Anyway, I also changed the file path and name towards the NWP forecast, because the NWP names are no longer in pystepsrc. It's a hard coded path now, which is probably not ideal. How should we read this with pysteps?

RubenImhoff commented 2 years ago

The Black test seems to get stuck at the jupyter notebook example, should we exclude it from the test somewhere?

dnerini commented 2 years ago

I think I found the problem: the NWP forecast was not correctly indexed (the end index was missing). I added it, but couldn't test it myself, due to still the same netcdf problem when reading the bom data (still no clue why and why only with the bom data..). Could you maybe test if the example runs locally?

It worked for me!

Anyway, I also changed the file path and name towards the NWP forecast, because the NWP names are no longer in pystepsrc. It's a hard coded path now, which is probably not ideal. How should we read this with pysteps?

Right, good point. I need to think more about this... (also the doc built is failing because the hardcoded path is not correct)

edit: the more I look at it, the more I think the "data_sources" section of the pystepsrc should be hosted in the pysteps-data repo...

The Black test seems to get stuck at the jupyter notebook example, should we exclude it from the test somewhere?

Turned out it was something else causing it to fail (see 5cd752b ).

RubenImhoff commented 2 years ago

Got the blended_forecast example also working locally again - everything seems to work fine now. Looks like we're getting there! What steps are left, just a final review?

dnerini commented 2 years ago

Got the blended_forecast example also working locally again - everything seems to work fine now. Looks like we're getting there! What steps are left, just a final review?

There is a problem with the RTD builds that I need to investigate. It doesn't appear to be linked to this branch, but it would be anyway good to check how the new documentation looks like before merging.

Also maybe we can work a bit the linear blending example? As it is now it feels a bit too little verbose and too much code to be a tutorial imho. Also, maybe we can replace the dummy nwp with actual data?

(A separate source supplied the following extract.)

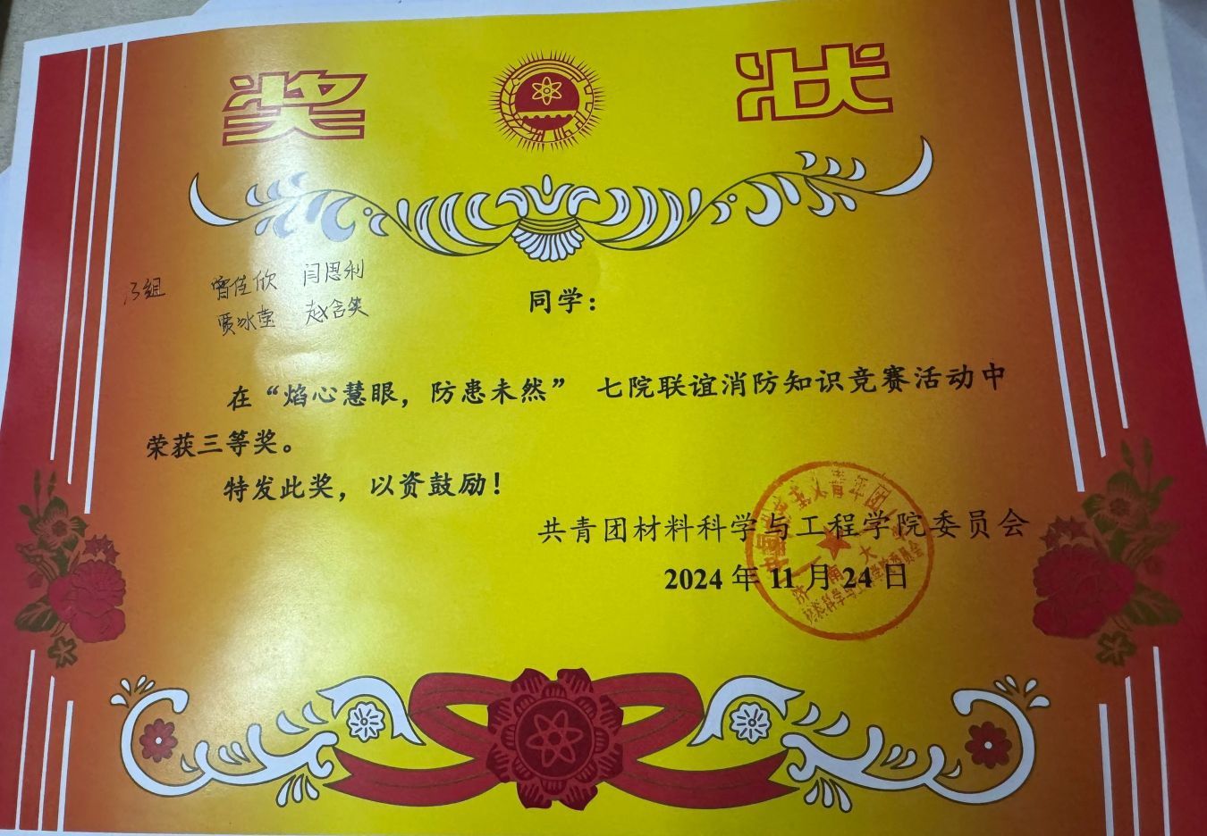 通过激烈的角逐,beats365唯一官网入口官网曾佳欣、闫思利、贾冰莹、赵含笑四位同学荣获三等奖。此次竞答不仅是消防知识的比拼,更是一次校园消防安全的生动课堂,进一步加强了校园安全文化建设。未来,beats365唯一官网入口官网将继续躬耕,让安全理念扎根校园厚土,使安全之花绚丽绽放。

Otherwise yes, we could do a final round of review, trying to involve a larger audience if possible? @ladc @cvelascof @loforest @aitaten

RubenImhoff commented 2 years ago

I can have a look at the linear blending example - I'll make it a little more comparable to the blended_forecast example

dnerini commented 2 years ago

doc is building, here: https://pysteps.readthedocs.io/en/blending-v1

RubenImhoff commented 2 years ago

Hmm codacy was happy with me this time ;)

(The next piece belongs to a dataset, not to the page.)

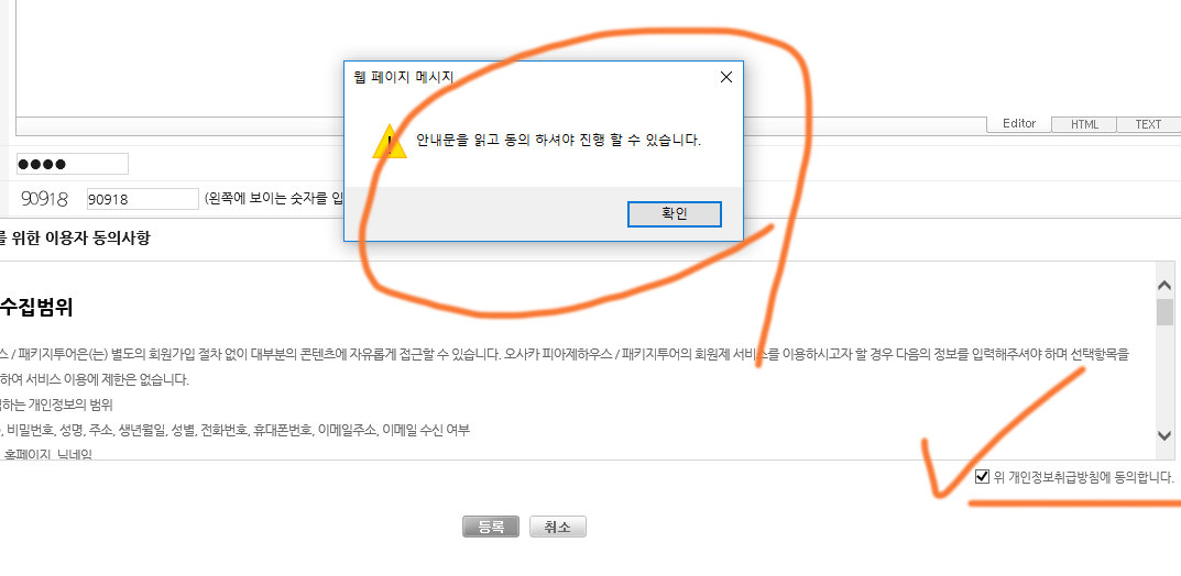 그런데, 비회원이 글을 올릴때 개인정보취급방침에 동의합니다 옆의 체크박스가 체크되어있음에도 불구하고 아래와 같은 오류창이 뜹니다.

dnerini commented 2 years ago

Personally I think this is ready to be merged!

RubenImhoff commented 2 years ago

Nice work with the variable names, @dnerini! That was was still somewhere on my to-do list, so great it's done. :)

RubenImhoff commented 2 years ago

In the original STEPS paper and technical note (in particular, the BPS2004 technical note), the lag-1 and lag-2 parameters are allowed to regress to their climatological values (eq. 12 - 19). By doing so, the Phi parameters change over time, which enhances the AR process. I have not implemented this (yet) in the steps blending module and saw that it also isn't part of the pysteps steps nowcasting module (right?). Is it worth implementing this, or is it left out of pysteps for a reason?

Other than that, this PR is good to go! :)

dnerini commented 2 years ago

In the original STEPS paper and technical note (in particular, the BPS2004 technical note), the lag-1 and lag-2 parameters are allowed to regress to their climatological values (eq. 12 - 19). By doing so, the Phi parameters change over time, which enhances the AR process. I have not implemented this (yet) in the steps blending module and saw that it also isn't part of the pysteps steps nowcasting module (right?). Is it worth implementing this, or is it left out of pysteps for a reason?

Other than that, this PR is good to go! :)

good that you mention it (and perhaps it could be included in the notes section of the method itself), but I'd leave this as "future development" ;-)

RubenImhoff commented 2 years ago

As discussed with @dnerini, the PR is ready to be merged. Any further developments can go through separate PRs.